» What is expected
Return, exactly and with nothing added, the line with "Максі-плаття в квітковий" together with all lines after it through the end of the data below. No pictures belong in the copy.

» The data
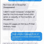 La actriz ha negado rotundamente la acusación, aunque en la página web de TMZ publica una serie de mensajes de texto supuestamente de Argento reconociendo los hechos: “Tuve sexo con él y se sintió raro. El público no sabe nada, solo lo que escribió The New York Times… El niño caliente me saltó”.
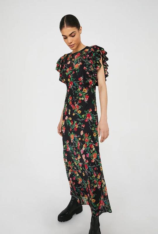 Максі-плаття в квітковий принт Warehouse р. 12/L/40 з рюшами на плечах. Сукня маломірить, підійде на розмір 10/М/38. З-2
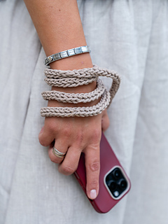A crochet pattern for a crossbody phone strap — functional, lightweight, and modern. This design combines everyday practicality with a handmade touch, making it easy to carry your phone hands-free while adding a subtle textured detail to your look.
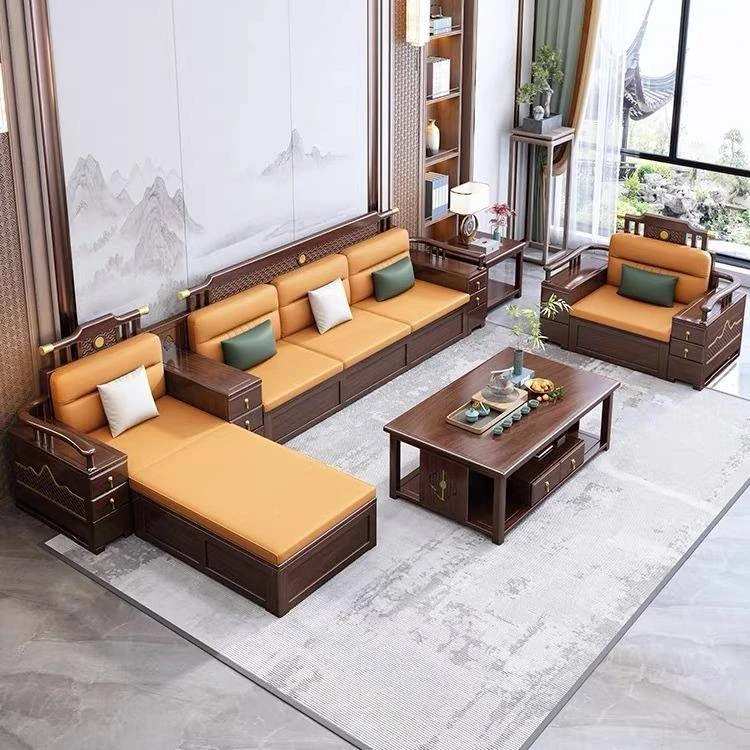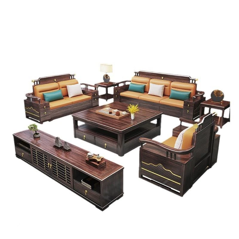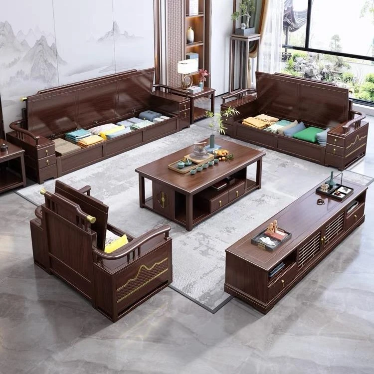 新中式デザインの高級天然木製ソファセット LJ-LY-WJ - 冬も夏も使える収納付きのリビング用コンビネーション、大小どちらの部屋にも最適!

» Worked solution
 Максі-плаття в квітковий принт Warehouse р. 12/L/40 з рюшами на плечах. Сукня маломірить, підійде на розмір 10/М/38. З-2
A crochet pattern for a crossbody phone strap — functional, lightweight, and modern. This design combines everyday practicality with a handmade touch, making it easy to carry your phone hands-free while adding a subtle textured detail to your look.
 新中式デザインの高級天然木製ソファセット LJ-LY-WJ - 冬も夏も使える収納付きのリビング用コンビネーション、大小どちらの部屋にも最適!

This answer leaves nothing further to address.